I just got done reading the latest issue of Progress magazine. I really like it – the only tinsy flaw is that it tends to be a bit Pollyannish about the business community in Atlantic Canada. But maybe after all the raw, realism I get punched in the nose with on a frequent basis (you know all the stats), a little lah tee dah – tiptoeing barefoot through the tulips – metaphorically speaking – of the Atlantic economy has its place.
So in the latest issue of Neville’s brainchild is a cover story about FatKat – the Miramichi-based animation studio.

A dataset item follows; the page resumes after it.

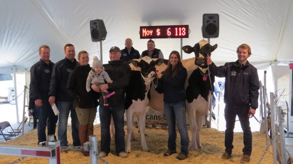 Pineriver Doorman Hayley a fancy Summer Yearling for 2017 topped the Holstein Quebec National Sale at $21,700. Backed by EX-90-4YR-CAN Dempsy dam is one to watch for this spring. The next highest seller was Jacobs Sanchez Jolianne EX-92 2E at $20,500 and was purchased by Pierre Boulet and ferme Fortale. This 4th Generation EX goes back to the All-Canadian and All-American Sr. Three year old in 2008, Valleyville Lheros Jenn EX-94 12★. The average of the 88 lots sold: $6113, the average of lactating cows: $ 7340. She sold with a contract for 10 sexed Doorman embryos. Consignments where selected by Dominic Fortier and Pierre Boulet.

I was revved up to write a long and windy blog about how this is exactly the kind of company we need and heap congratulatory praise on the entrepreneur behind the company but as I was cracking the knuckles to put pen to paper – so to speak – I had a ‘senior’s moment’ – a flashback – and names just started pouring out: Provinent, Learnstream, e-Com, BKM, Romulin, CyberDesign, JOT – on and on – dozens of ‘FatKat’s that I have intersected with over the past 15 years – all relegated to the business boneyard of the Atlantic economy.
In fact, statistically speaking, the chances of FatKat lasting 7-8 more years at all are very slim. If you had a list of the top ‘IT’ firms in New Brunswick from ten years ago 1997 – you would find that very few are in business today.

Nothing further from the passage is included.